= Rose Agnes Rolls Cousins =

American aviator and honorary Tuskegee Airman (1920–2006)

Rose Agnes Rolls Cousins (March 26, 1920 – July 30, 2006) was an aviator from Fairmont, West Virginia. She became the first African American woman to become a solo pilot in the Civilian Pilot Training Program.

== Early life and education ==

Rose Agnes Rolls was born on March 26, 1920, to Ann Alberta (Thornton) Rolls and Theodore Emory Rolls Sr. Growing up in Fairmont, West Virginia, Rose was introduced to flying at an early age. Visiting pilots to Fairmont would charge a dollar for a ride in their planes, and six year old Rose rode in a biplane with her father. This experience sparked a lifelong love of flying.

Rolls attended Dunbar High School, and was able to graduate early due to her academic ability. Rolls began her studies at West Virginia State College (now University) at the age of sixteen, and majored in business administration.

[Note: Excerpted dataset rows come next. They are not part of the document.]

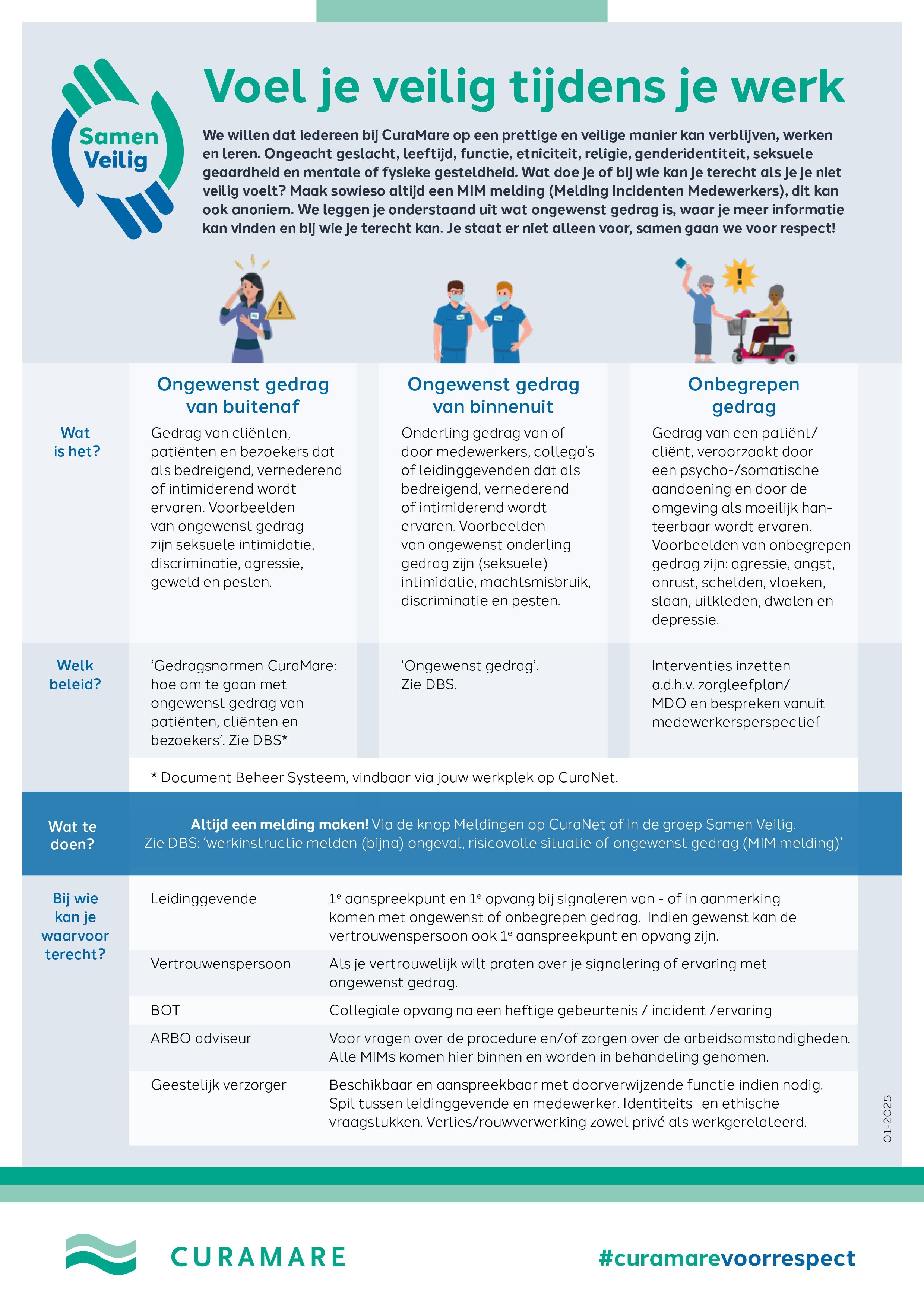 Met het document Samen Veilig bracht de organisatie alle bestaande regelingen, protocollen en procedures onder één herkenbare kapstok. Drie vormen van ongewenst gedrag zijn helder uitgewerkt en gekoppeld aan concrete handelingsperspectieven. De aanpak is het startpunt van een tweejarig programma onder de noemer #curamarevoorrespect, met eerst bewustwording en daarna gedragsverandering.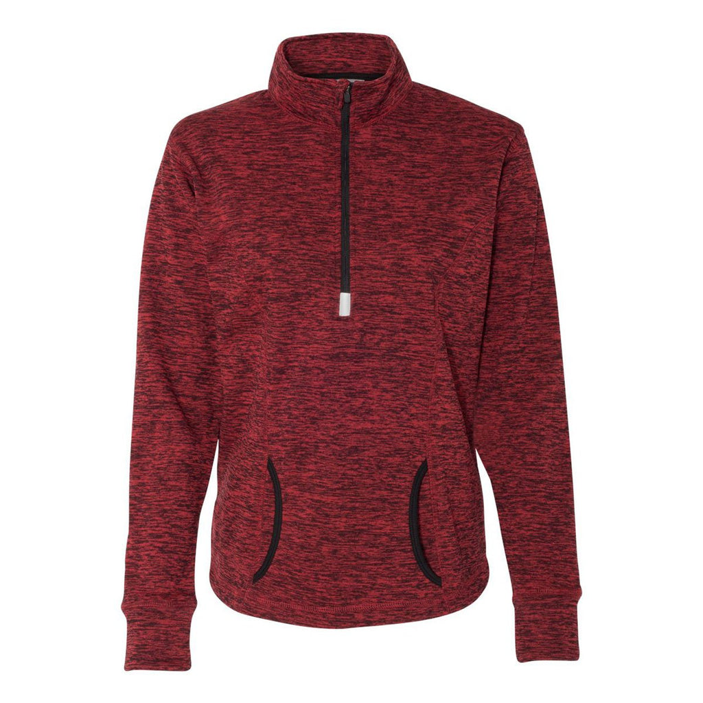 J. America Women's Red Fleck/Black Cosmic Fleece Quarter-Zip Pullover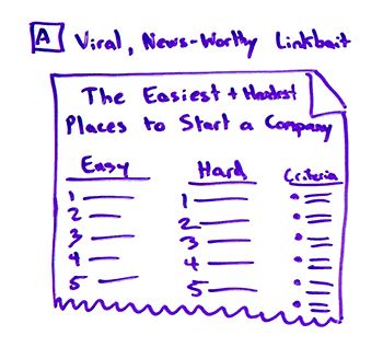 So this might be something like "The Easiest and Hardest Places to Start a Company." Maybe it's countries, maybe it's states, regions, whatever it is. So here are the easy ones and the hard ones and the criteria, and you go out to a bunch of press and you say, "Hey, we produced this list. We think it's worth covering. Here's the criteria we used." You go out to a bunch of companies. You go out to a bunch of state governments. You go out to a bunch of folks who cover this type of space, and hopefully you can get some clickbait, some folks actually clicking, some folks linking.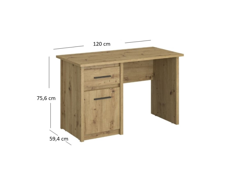 Biurko 1d1s/120, dąb artisan, kolekcja Ayson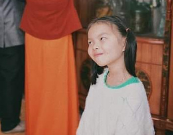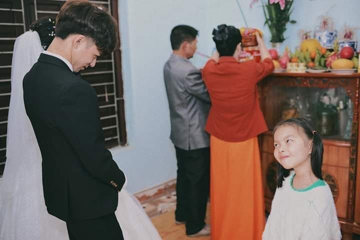 只見照片中新郎父母正忙著準備水果,背對著鏡頭祭拜祖先,而小女孩趁著長輩不注意,逮到機會立刻用斜眼怒瞪穿著西裝的叔叔....小女孩白眼翻得超徹底,嘴角努力地憋著笑,一臉被背叛的表情,彷彿像在質問新郎:「怎麼可以對不起我?」

== Civilian Pilot Training Program ==

While attending college at West Virginia State College, the school introduced a Civilian Pilot Training Program (CPTP) in 1939. The school was one of only six historically Black secondary education institutions in the nation to establish one of these programs, which were federally funded. Rose Rolls was the only woman to join.

Initially, the director of the program, James C. Evans, was inclined to deny Rolls entry into the CPTP due to her gender. Due to her steady persistence, Evans eventually wrote several letters to government officials asking if one woman could join the program. Rolls was permitted to join, provided she could pass the same mental and physical exams as her male colleagues. She reportedly told the instructor, "I'll just put my hair up and you can pretend I'm a man."

During her training with the CPTP, Rolls learned to put the plane into a spin, land with the engine off, and fly upside down, all of which she completed successfully.

One requirement for a pilot's license under CPTP was to complete a solo cross-country flight using only compass and sights as guides. Rolls successfully flew from Fairmont to Parkersburg, West Virginia in strong winds.

Rolls received her pilot's license upon her graduation, officially becoming the first African American woman licensed under the CPTP. After her graduation, she continued to assist with the program.

== Tuskegee, Alabama ==

In 1941, the eleven graduates from West Virginia State College's pilot training program (ten male pilots and Rose Rolls) tried out for the U.S. Air Force training program for African American combat pilots in Tuskegee, Alabama. Those selected became popularly known as the Tuskegee Airmen.

During the war, Rolls faced double discrimination. She was denied entry into a combat role with the Tuskegee Airmen during World War II due to her gender. She then tried to join the Women Airforce Service Pilots (WASPs), a paramilitary aviation organization, but was rejected due to her race.

== Later life and employment ==

After being rejected from the Tuskegee Airmen, Rolls returned to Fairmont to help care for her aging parents. On December 31, 1941, she married Theodore W. Cousins from Montclair, New Jersey. The couple met during their time at West Virginia State College. They had two daughters, Emorene Nicole and Adrienne Michele. The marriage ended in 1969.

Rose faced a challenge finding employment, despite her degree and qualifications, due to her race. She taught algebra at her old high school and Bible School in Marion County, West Virginia. She then was hired as a secretary for a city director in Fairmont, the first African American to hold a position like this in Fairmont's city government. Eventually, she was employed as a manager of medical records at the Monongahela Valley Association of Health Centers (Fairmont Clinic) until her retirement in 1999.

Cousins was politically engaged and active in the community. She was a member of Marion County Democrat Women, a civil rights activist, and a lifetime member of the NAACP. She was also an adjunct lecturer and business education instructor at Fairmont State College.

Later in her life, Rose Cousins moved to her daughter's home in Washington, D.C. She died on July 30, 2006, at the age of 86, after a ten-year battle with Alzheimer's disease.

== Legacy ==

Rose Agnes Rolls Cousins remains one of West Virginia's most well-known aviators.

Rose was inducted as an honorary member of the Tuskegee Airmen in the 1980s. Her daughter cited her flight experience and her determination to break down racial and gender barriers as the motivation for this honor.